::: Data for this exercise :::

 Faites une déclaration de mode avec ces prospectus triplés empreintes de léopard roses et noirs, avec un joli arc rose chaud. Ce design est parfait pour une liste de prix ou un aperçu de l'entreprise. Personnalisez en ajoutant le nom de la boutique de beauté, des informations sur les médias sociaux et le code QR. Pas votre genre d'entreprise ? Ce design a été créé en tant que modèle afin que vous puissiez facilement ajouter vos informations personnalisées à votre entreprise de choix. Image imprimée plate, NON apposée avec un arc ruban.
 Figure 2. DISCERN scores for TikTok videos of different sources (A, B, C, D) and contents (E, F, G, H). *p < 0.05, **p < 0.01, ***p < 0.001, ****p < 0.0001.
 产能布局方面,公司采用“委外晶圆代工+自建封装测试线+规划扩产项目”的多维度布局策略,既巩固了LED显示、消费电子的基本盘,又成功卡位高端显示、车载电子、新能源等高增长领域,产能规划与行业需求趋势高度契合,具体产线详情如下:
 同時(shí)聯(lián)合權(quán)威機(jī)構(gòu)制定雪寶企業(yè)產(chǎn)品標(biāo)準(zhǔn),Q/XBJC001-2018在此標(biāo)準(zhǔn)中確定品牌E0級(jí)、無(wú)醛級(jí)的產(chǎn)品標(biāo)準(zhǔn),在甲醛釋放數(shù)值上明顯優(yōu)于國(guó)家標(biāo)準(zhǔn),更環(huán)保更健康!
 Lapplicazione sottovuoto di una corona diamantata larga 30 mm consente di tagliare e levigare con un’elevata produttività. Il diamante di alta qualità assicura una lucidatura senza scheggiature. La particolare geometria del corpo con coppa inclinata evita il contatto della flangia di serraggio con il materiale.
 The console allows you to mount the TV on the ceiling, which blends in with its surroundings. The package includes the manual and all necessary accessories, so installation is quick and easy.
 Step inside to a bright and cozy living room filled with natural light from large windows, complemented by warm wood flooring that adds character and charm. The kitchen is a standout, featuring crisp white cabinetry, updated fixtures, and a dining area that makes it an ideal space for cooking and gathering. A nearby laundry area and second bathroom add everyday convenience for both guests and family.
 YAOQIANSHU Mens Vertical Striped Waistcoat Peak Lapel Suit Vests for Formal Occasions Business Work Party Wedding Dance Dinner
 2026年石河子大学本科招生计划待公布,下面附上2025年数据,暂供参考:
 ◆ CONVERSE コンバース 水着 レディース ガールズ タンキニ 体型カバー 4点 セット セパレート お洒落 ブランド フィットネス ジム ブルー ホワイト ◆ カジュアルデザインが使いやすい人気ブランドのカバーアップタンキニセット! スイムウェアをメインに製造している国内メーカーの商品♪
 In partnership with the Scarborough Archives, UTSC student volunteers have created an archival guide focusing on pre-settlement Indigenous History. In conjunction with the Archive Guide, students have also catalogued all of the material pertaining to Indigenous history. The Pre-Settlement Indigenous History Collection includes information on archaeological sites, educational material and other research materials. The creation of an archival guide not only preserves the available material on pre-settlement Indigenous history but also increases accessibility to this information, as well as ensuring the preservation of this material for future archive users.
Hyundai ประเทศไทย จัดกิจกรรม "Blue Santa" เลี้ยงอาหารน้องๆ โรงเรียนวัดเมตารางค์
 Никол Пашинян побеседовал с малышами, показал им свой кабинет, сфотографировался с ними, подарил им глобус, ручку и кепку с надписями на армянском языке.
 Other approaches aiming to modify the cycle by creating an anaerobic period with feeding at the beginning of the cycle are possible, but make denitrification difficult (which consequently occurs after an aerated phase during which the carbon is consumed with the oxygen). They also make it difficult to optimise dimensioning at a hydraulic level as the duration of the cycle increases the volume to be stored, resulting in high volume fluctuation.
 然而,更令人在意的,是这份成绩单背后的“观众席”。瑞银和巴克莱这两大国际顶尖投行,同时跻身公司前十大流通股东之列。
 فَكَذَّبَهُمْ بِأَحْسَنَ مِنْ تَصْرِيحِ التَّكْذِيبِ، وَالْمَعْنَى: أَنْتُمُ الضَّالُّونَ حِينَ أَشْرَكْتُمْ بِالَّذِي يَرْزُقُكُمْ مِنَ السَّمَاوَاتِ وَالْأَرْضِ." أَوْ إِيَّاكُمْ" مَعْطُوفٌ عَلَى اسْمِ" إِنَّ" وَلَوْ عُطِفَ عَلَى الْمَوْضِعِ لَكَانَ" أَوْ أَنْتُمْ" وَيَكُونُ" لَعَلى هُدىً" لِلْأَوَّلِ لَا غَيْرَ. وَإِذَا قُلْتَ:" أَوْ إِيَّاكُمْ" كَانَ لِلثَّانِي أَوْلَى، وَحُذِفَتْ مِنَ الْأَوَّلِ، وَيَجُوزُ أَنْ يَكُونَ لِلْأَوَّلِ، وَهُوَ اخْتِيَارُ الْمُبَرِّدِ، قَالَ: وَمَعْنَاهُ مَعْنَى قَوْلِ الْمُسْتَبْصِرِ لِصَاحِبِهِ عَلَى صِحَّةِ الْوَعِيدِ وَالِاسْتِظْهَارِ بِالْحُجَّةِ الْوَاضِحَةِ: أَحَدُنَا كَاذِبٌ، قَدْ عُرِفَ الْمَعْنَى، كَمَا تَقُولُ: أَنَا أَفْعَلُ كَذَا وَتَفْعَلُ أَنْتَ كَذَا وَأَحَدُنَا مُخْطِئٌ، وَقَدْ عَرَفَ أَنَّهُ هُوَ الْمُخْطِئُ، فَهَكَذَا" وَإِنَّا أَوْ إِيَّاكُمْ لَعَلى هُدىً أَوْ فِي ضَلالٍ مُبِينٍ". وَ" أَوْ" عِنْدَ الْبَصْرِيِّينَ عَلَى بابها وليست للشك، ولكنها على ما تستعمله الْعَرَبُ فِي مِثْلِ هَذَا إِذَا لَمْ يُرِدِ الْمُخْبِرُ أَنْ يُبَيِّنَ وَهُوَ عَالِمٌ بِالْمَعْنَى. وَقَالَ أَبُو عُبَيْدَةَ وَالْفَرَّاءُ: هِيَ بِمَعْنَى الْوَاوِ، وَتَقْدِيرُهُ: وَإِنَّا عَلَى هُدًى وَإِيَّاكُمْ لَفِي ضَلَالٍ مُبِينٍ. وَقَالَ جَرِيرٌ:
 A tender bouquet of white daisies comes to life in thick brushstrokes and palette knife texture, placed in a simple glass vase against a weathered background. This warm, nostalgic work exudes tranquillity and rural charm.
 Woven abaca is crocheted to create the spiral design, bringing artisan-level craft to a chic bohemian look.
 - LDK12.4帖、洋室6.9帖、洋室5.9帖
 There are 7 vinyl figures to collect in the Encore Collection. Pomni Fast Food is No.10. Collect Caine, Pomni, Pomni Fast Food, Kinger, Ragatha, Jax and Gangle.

:::

• **Task instructions**
Copy the data above in full, character for character.

• **Reply**
 Faites une déclaration de mode avec ces prospectus triplés empreintes de léopard roses et noirs, avec un joli arc rose chaud. Ce design est parfait pour une liste de prix ou un aperçu de l'entreprise. Personnalisez en ajoutant le nom de la boutique de beauté, des informations sur les médias sociaux et le code QR. Pas votre genre d'entreprise ? Ce design a été créé en tant que modèle afin que vous puissiez facilement ajouter vos informations personnalisées à votre entreprise de choix. Image imprimée plate, NON apposée avec un arc ruban.
 Figure 2. DISCERN scores for TikTok videos of different sources (A, B, C, D) and contents (E, F, G, H). *p < 0.05, **p < 0.01, ***p < 0.001, ****p < 0.0001.
 产能布局方面,公司采用“委外晶圆代工+自建封装测试线+规划扩产项目”的多维度布局策略,既巩固了LED显示、消费电子的基本盘,又成功卡位高端显示、车载电子、新能源等高增长领域,产能规划与行业需求趋势高度契合,具体产线详情如下:
 同時(shí)聯(lián)合權(quán)威機(jī)構(gòu)制定雪寶企業(yè)產(chǎn)品標(biāo)準(zhǔn),Q/XBJC001-2018在此標(biāo)準(zhǔn)中確定品牌E0級(jí)、無(wú)醛級(jí)的產(chǎn)品標(biāo)準(zhǔn),在甲醛釋放數(shù)值上明顯優(yōu)于國(guó)家標(biāo)準(zhǔn),更環(huán)保更健康!
 Lapplicazione sottovuoto di una corona diamantata larga 30 mm consente di tagliare e levigare con un’elevata produttività. Il diamante di alta qualità assicura una lucidatura senza scheggiature. La particolare geometria del corpo con coppa inclinata evita il contatto della flangia di serraggio con il materiale.
 The console allows you to mount the TV on the ceiling, which blends in with its surroundings. The package includes the manual and all necessary accessories, so installation is quick and easy.
 Step inside to a bright and cozy living room filled with natural light from large windows, complemented by warm wood flooring that adds character and charm. The kitchen is a standout, featuring crisp white cabinetry, updated fixtures, and a dining area that makes it an ideal space for cooking and gathering. A nearby laundry area and second bathroom add everyday convenience for both guests and family.
 YAOQIANSHU Mens Vertical Striped Waistcoat Peak Lapel Suit Vests for Formal Occasions Business Work Party Wedding Dance Dinner
 2026年石河子大学本科招生计划待公布,下面附上2025年数据,暂供参考:
 ◆ CONVERSE コンバース 水着 レディース ガールズ タンキニ 体型カバー 4点 セット セパレート お洒落 ブランド フィットネス ジム ブルー ホワイト ◆ カジュアルデザインが使いやすい人気ブランドのカバーアップタンキニセット! スイムウェアをメインに製造している国内メーカーの商品♪
 In partnership with the Scarborough Archives, UTSC student volunteers have created an archival guide focusing on pre-settlement Indigenous History. In conjunction with the Archive Guide, students have also catalogued all of the material pertaining to Indigenous history. The Pre-Settlement Indigenous History Collection includes information on archaeological sites, educational material and other research materials. The creation of an archival guide not only preserves the available material on pre-settlement Indigenous history but also increases accessibility to this information, as well as ensuring the preservation of this material for future archive users.
Hyundai ประเทศไทย จัดกิจกรรม "Blue Santa" เลี้ยงอาหารน้องๆ โรงเรียนวัดเมตารางค์
 Никол Пашинян побеседовал с малышами, показал им свой кабинет, сфотографировался с ними, подарил им глобус, ручку и кепку с надписями на армянском языке.
 Other approaches aiming to modify the cycle by creating an anaerobic period with feeding at the beginning of the cycle are possible, but make denitrification difficult (which consequently occurs after an aerated phase during which the carbon is consumed with the oxygen). They also make it difficult to optimise dimensioning at a hydraulic level as the duration of the cycle increases the volume to be stored, resulting in high volume fluctuation.
 然而,更令人在意的,是这份成绩单背后的“观众席”。瑞银和巴克莱这两大国际顶尖投行,同时跻身公司前十大流通股东之列。
 فَكَذَّبَهُمْ بِأَحْسَنَ مِنْ تَصْرِيحِ التَّكْذِيبِ، وَالْمَعْنَى: أَنْتُمُ الضَّالُّونَ حِينَ أَشْرَكْتُمْ بِالَّذِي يَرْزُقُكُمْ مِنَ السَّمَاوَاتِ وَالْأَرْضِ." أَوْ إِيَّاكُمْ" مَعْطُوفٌ عَلَى اسْمِ" إِنَّ" وَلَوْ عُطِفَ عَلَى الْمَوْضِعِ لَكَانَ" أَوْ أَنْتُمْ" وَيَكُونُ" لَعَلى هُدىً" لِلْأَوَّلِ لَا غَيْرَ. وَإِذَا قُلْتَ:" أَوْ إِيَّاكُمْ" كَانَ لِلثَّانِي أَوْلَى، وَحُذِفَتْ مِنَ الْأَوَّلِ، وَيَجُوزُ أَنْ يَكُونَ لِلْأَوَّلِ، وَهُوَ اخْتِيَارُ الْمُبَرِّدِ، قَالَ: وَمَعْنَاهُ مَعْنَى قَوْلِ الْمُسْتَبْصِرِ لِصَاحِبِهِ عَلَى صِحَّةِ الْوَعِيدِ وَالِاسْتِظْهَارِ بِالْحُجَّةِ الْوَاضِحَةِ: أَحَدُنَا كَاذِبٌ، قَدْ عُرِفَ الْمَعْنَى، كَمَا تَقُولُ: أَنَا أَفْعَلُ كَذَا وَتَفْعَلُ أَنْتَ كَذَا وَأَحَدُنَا مُخْطِئٌ، وَقَدْ عَرَفَ أَنَّهُ هُوَ الْمُخْطِئُ، فَهَكَذَا" وَإِنَّا أَوْ إِيَّاكُمْ لَعَلى هُدىً أَوْ فِي ضَلالٍ مُبِينٍ". وَ" أَوْ" عِنْدَ الْبَصْرِيِّينَ عَلَى بابها وليست للشك، ولكنها على ما تستعمله الْعَرَبُ فِي مِثْلِ هَذَا إِذَا لَمْ يُرِدِ الْمُخْبِرُ أَنْ يُبَيِّنَ وَهُوَ عَالِمٌ بِالْمَعْنَى. وَقَالَ أَبُو عُبَيْدَةَ وَالْفَرَّاءُ: هِيَ بِمَعْنَى الْوَاوِ، وَتَقْدِيرُهُ: وَإِنَّا عَلَى هُدًى وَإِيَّاكُمْ لَفِي ضَلَالٍ مُبِينٍ. وَقَالَ جَرِيرٌ:
 A tender bouquet of white daisies comes to life in thick brushstrokes and palette knife texture, placed in a simple glass vase against a weathered background. This warm, nostalgic work exudes tranquillity and rural charm.
 Woven abaca is crocheted to create the spiral design, bringing artisan-level craft to a chic bohemian look.
 - LDK12.4帖、洋室6.9帖、洋室5.9帖
 There are 7 vinyl figures to collect in the Encore Collection. Pomni Fast Food is No.10. Collect Caine, Pomni, Pomni Fast Food, Kinger, Ragatha, Jax and Gangle.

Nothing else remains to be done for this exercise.